Kirkman, himself, is credited with the lettering and does a great job. I didn't realize until after I read it that Chris Eliopoulos, Larsen's hand picked letterer since the dawn of time, didn't do it. I figured it was Eliopoulos on the computer, what with the perfect lettering in the larger balloons and occasional balloons cutting into the panel borders. It's highly reminiscent of his DEFENDERS work. The hyperactive sound effects also return. I don't know if they were done by hand or on the computer, but they perfectly fit in with the lettering that Larsen's books have always had.

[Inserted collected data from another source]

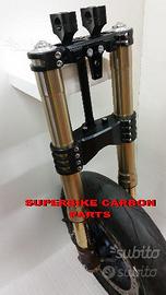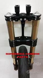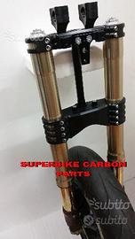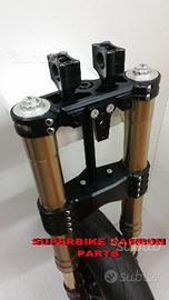 Kit costituito da: piastre di sterzo speciali ricavate dal pieno sovradimensionate con piastra inferiore da 80 mm a 4 punti di chiusura e cave di alleggerimento passanti laterali, con piastra superiore a 2 punti di chiusura e cava di alleggerimento. Biscottino di raccordo per forcelle con piedino assiale, perno ruota. Tutto il kit è assolutamente plug & play ovvero si monta senza modifiche. Per il montaggio si utilizzano boccole e cuscinetti originali. Tutte le parti ricavate dal pieno possono essere anodizzate di qualsiasi colore. Possiamo progettare e realizzare qualsiasi specifica atta a rendere unica tale tipologia di prodotto. Tutte le parti ricavate dal pieno possono essere progettate e realizzate direttamente su specifiche tecniche ed estetiche del cliente. Con i nostri kit potete modificare e/o sostituire l'avantreno di qualsiasi moto e renderla unica. Progettiamo e realiziamo un avantreno completo di tutte le parti. Le forcelle sono appositamente modificate per essere perfettamente compatibili con il tipo di moto. Potete utilizzare qualsiasi cerchio e dischi freno anteriori. Il kit può essere realizzato sia per pinze radiali sia per pinze ad attacco assiale (di cui sono dotate le moto più vecchiotte) o perimetrale (vedi Buell o alcune Harley Davidson). I nostri kit avantreni speciali si montano senza dover effettuare alcun adattamento. Possiamo fornire come optional: cerchi Oz Dymag Pvm, dischi freno brembo, pinze Brembo speciali, parafango carbonio, off set regolabile delle piastre. Progettiamo e Realizziamo avantreni speciali per cafe racer, scrambler, streetfighter, superbike, prototipi.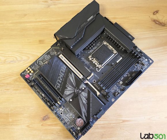 Ei bine, GIGABYTE au ales sa adreseze aceste probleme renuntand la conectivitatea Thunderbolt 4 si la conectorul Sensor Panel Link, folosind de asemenea mosfeti de capacitate mai mica (dar in continuare arhisuficienta) in etajul de alimentare al procesorului. Pe de alta parte, am primit si o serie consistenta de imbunatatiri, de la solutia WiFi 7 cu latime de banda ridicata, sau conectivitatea 5Gbe LAN si pana la etajul de alimentare al memoriilor sau chip-ul de BIOS de capacitate dubla.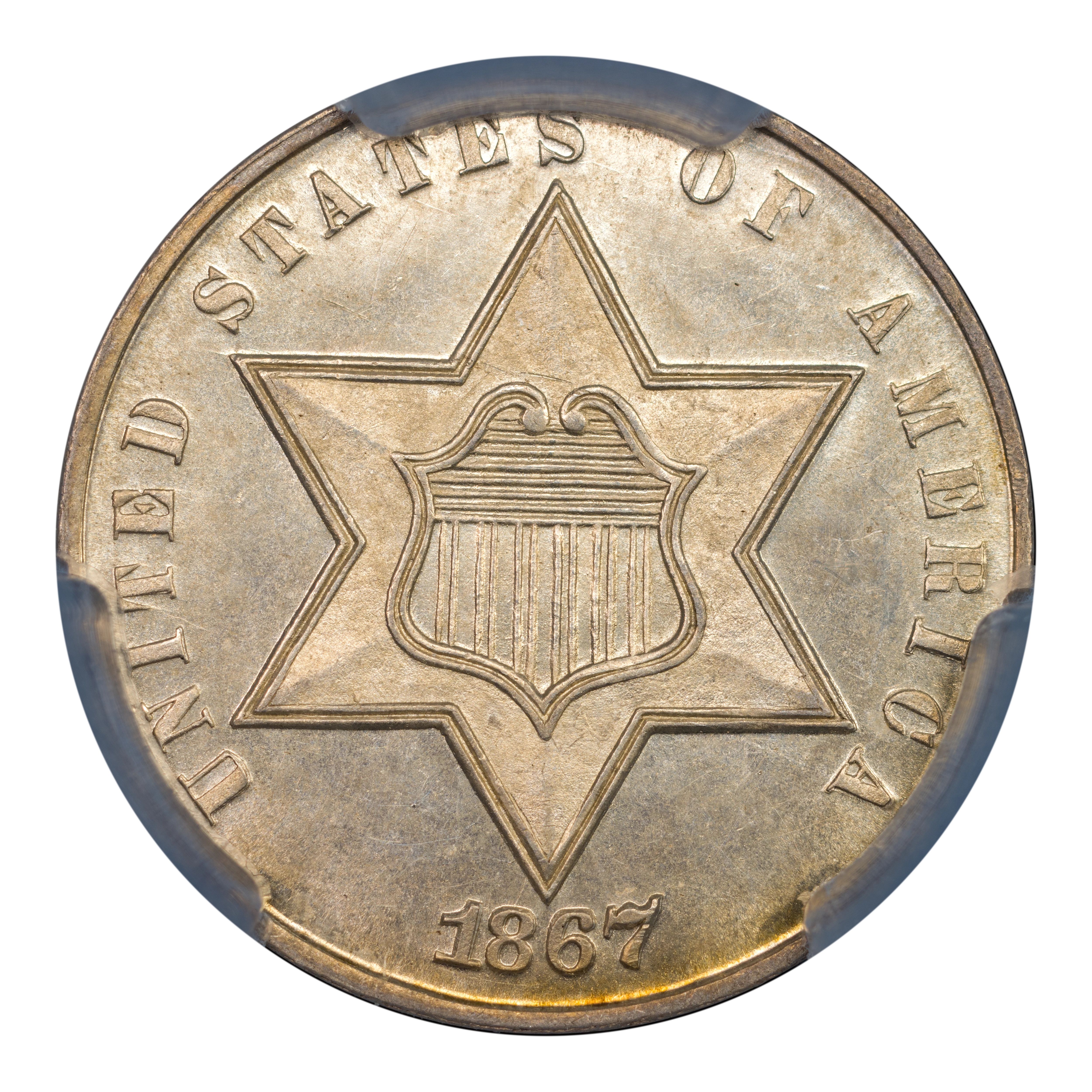 The 1867 Three Cent Silver comes from a miniscule mintage of 4,000 making it a very scarce date. This date is tough to find at any grade level but genuine scarcity begins in the AU range. MS60 and MS62 are very scarce. MS63 and MS64 are rare and all gems are extremely rare. This issue is normally well struck and clash-marks are surprisingly not an issue. Look for attractive toners as nice color is not too hard to find.

So, in the end SUPERPATRIOT: AMERICA'S FIGHTING FORCE is an impressive start for a pair of creators whose work I haven't seen in the past. They maintain the style and tone of the characters, remain respectful of the material that's come before them, and craft something that I'm interesting in continuing on with.
Pia Guerra is not a "he." Guerra fits firmly into the "she" category.
I heard from family, friends, fans, DC Comics, and acquaintances. I'm here to tell you unequivocally right now that the artist of Y: THE LAST MAN, Pia Guerra, is female. Yes, there is an irony to my goofing that up in a review of a comic about the last man on earth. My apologies to Guerra for the miscue.
I'd like to say I did it on purpose to distract from the other silly "whose"/"who's" foul-up in that column, but that would be lying.
Right now, San Diego is the only convention I've committed to attending for the rest of the year. The Small Press Expo in September is a possibility, though, as is the Baltimore convention in October.